> **WHAT IS EXPECTED**
All that is wanted is the exact lines from the first line of the data below through the line with "2014 Mercedes E350", both ends included, with pictures omitted.

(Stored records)
◆ ◆ ◆

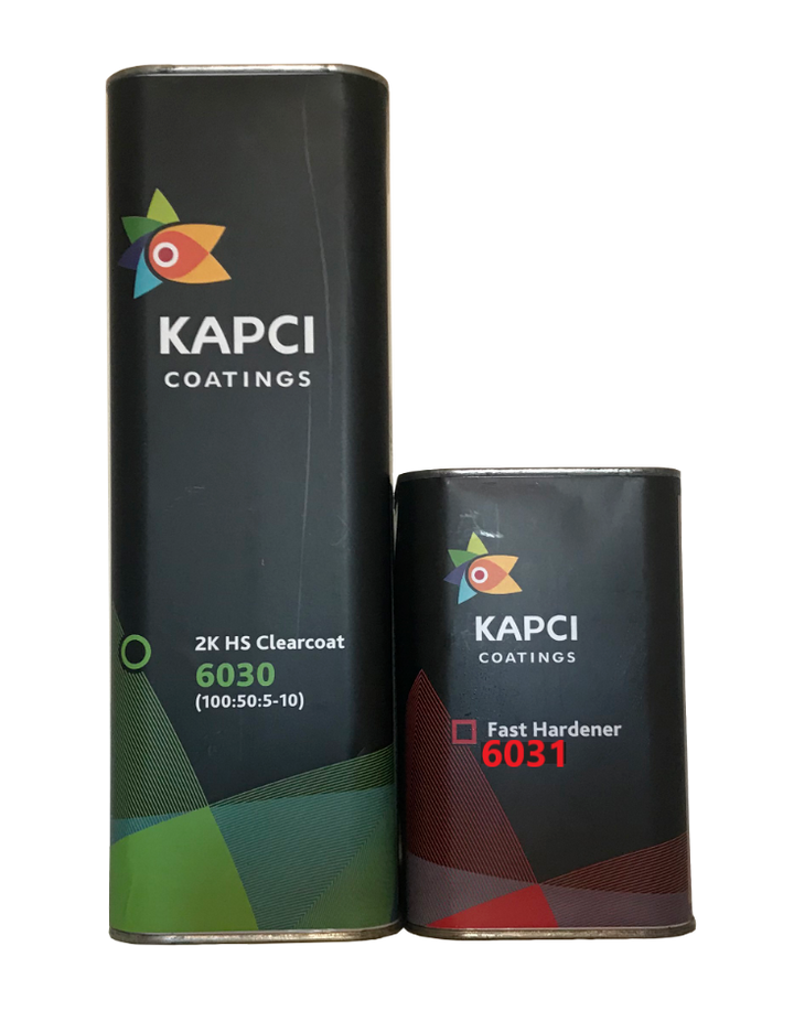 Kapci 6030 is 2K HS anti-scratch clearcoat suitable for repair of all kind of vehicles. It delivers high gloss and long lasting resistance. It is used with Kapci hardeners to give optimal performances and final finish.
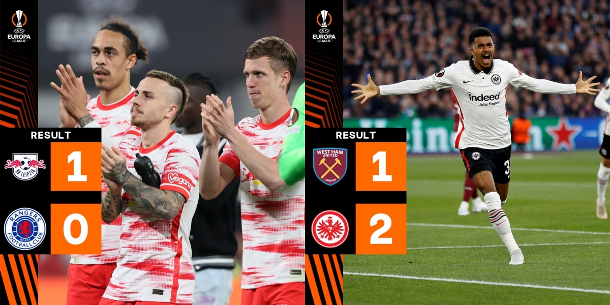 Tại Europa League, sau khi loại Barca, Frankfurt tiếp tục gây bất ngờ khi thắng 2-1 ngay trên sân West Ham ở lượt đi. Cặp còn lại, Leipzig cũng vượt qua Rangers với tỷ số 1-0.
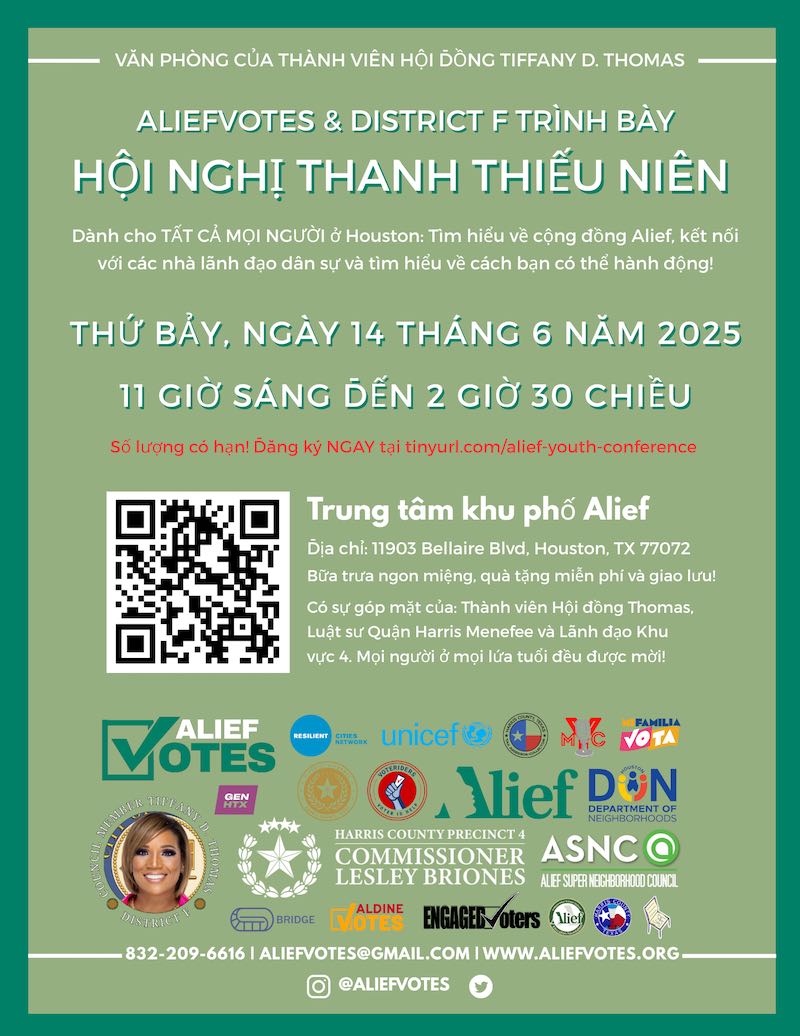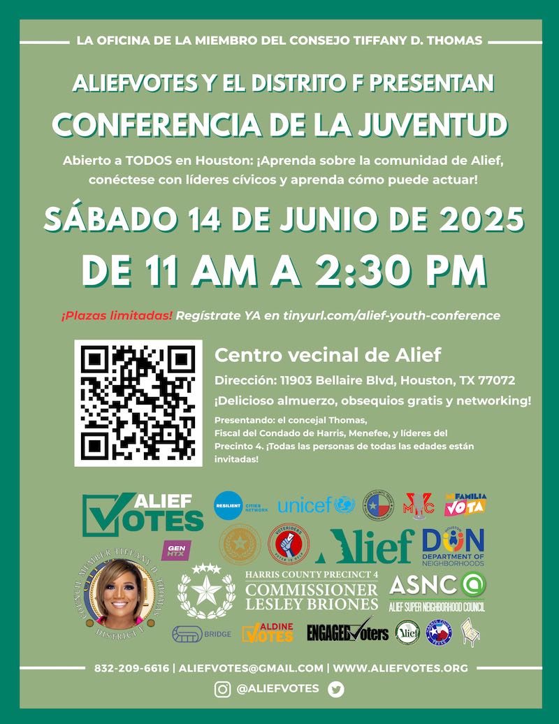 Open to EVERYONE in Houston: Learn about the Alief community, connect with civic leaders, and learn about how you can take action!
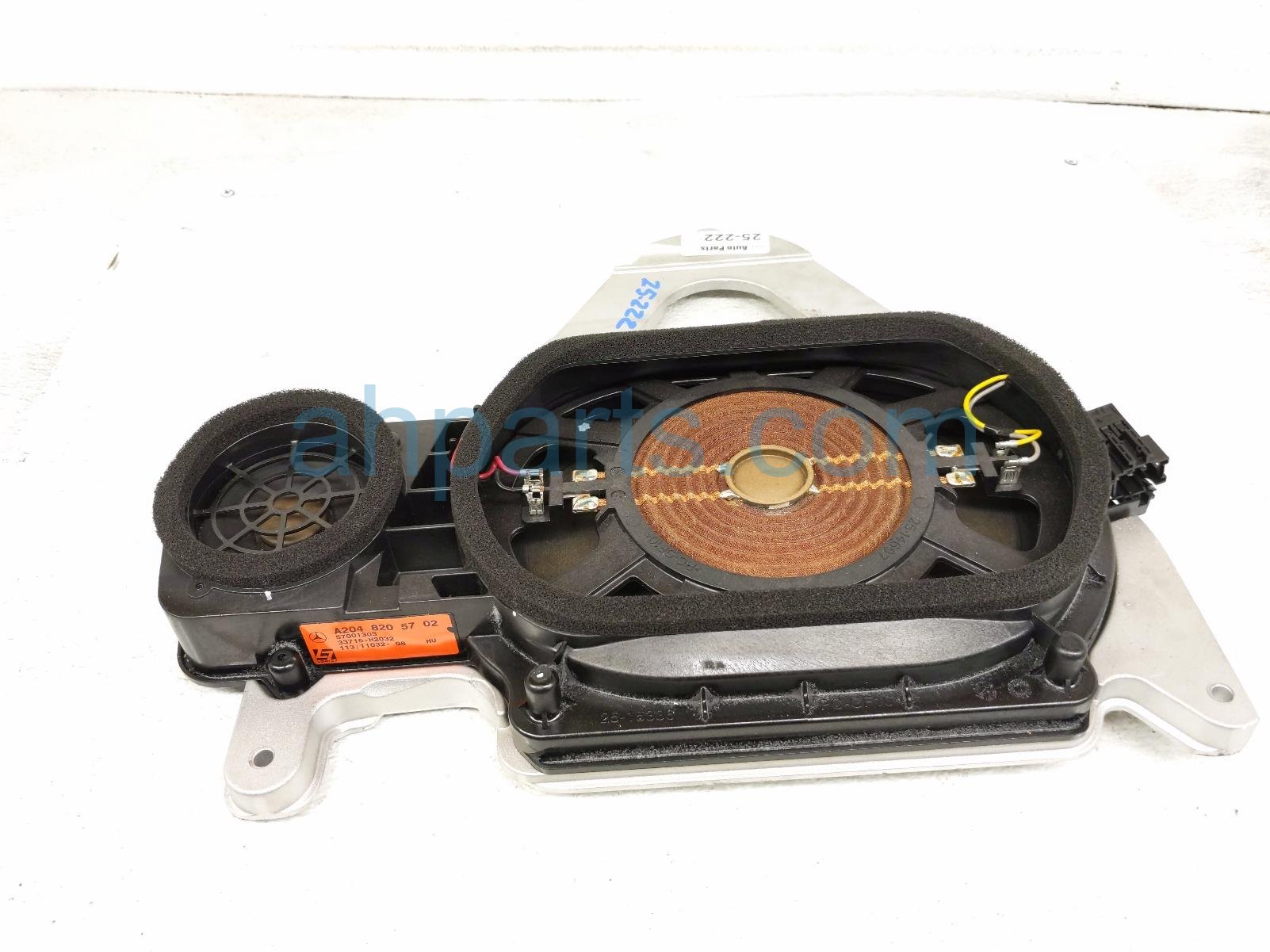 2014 Mercedes E350 rear passenger subwoofer speaker assy is a used item with a 1 year warranty. This OEM replacement rear passenger subwoofer speaker assy is genuine and has part numbers 204-820-57-02, and 2048205702. This Mercedes part sells for $100.
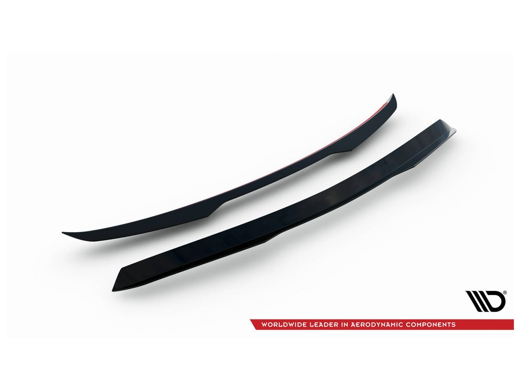 Maxton Design prodloužení spoileru pro vozidlo Mazda 3 Mk4 . Povrchová úprava spoileru černý lesklý plast ABS.

◆ ◆ ◆

> **TASK SOLUTION**
 Kapci 6030 is 2K HS anti-scratch clearcoat suitable for repair of all kind of vehicles. It delivers high gloss and long lasting resistance. It is used with Kapci hardeners to give optimal performances and final finish.
 Tại Europa League, sau khi loại Barca, Frankfurt tiếp tục gây bất ngờ khi thắng 2-1 ngay trên sân West Ham ở lượt đi. Cặp còn lại, Leipzig cũng vượt qua Rangers với tỷ số 1-0.
 Open to EVERYONE in Houston: Learn about the Alief community, connect with civic leaders, and learn about how you can take action!
 2014 Mercedes E350 rear passenger subwoofer speaker assy is a used item with a 1 year warranty. This OEM replacement rear passenger subwoofer speaker assy is genuine and has part numbers 204-820-57-02, and 2048205702. This Mercedes part sells for $100.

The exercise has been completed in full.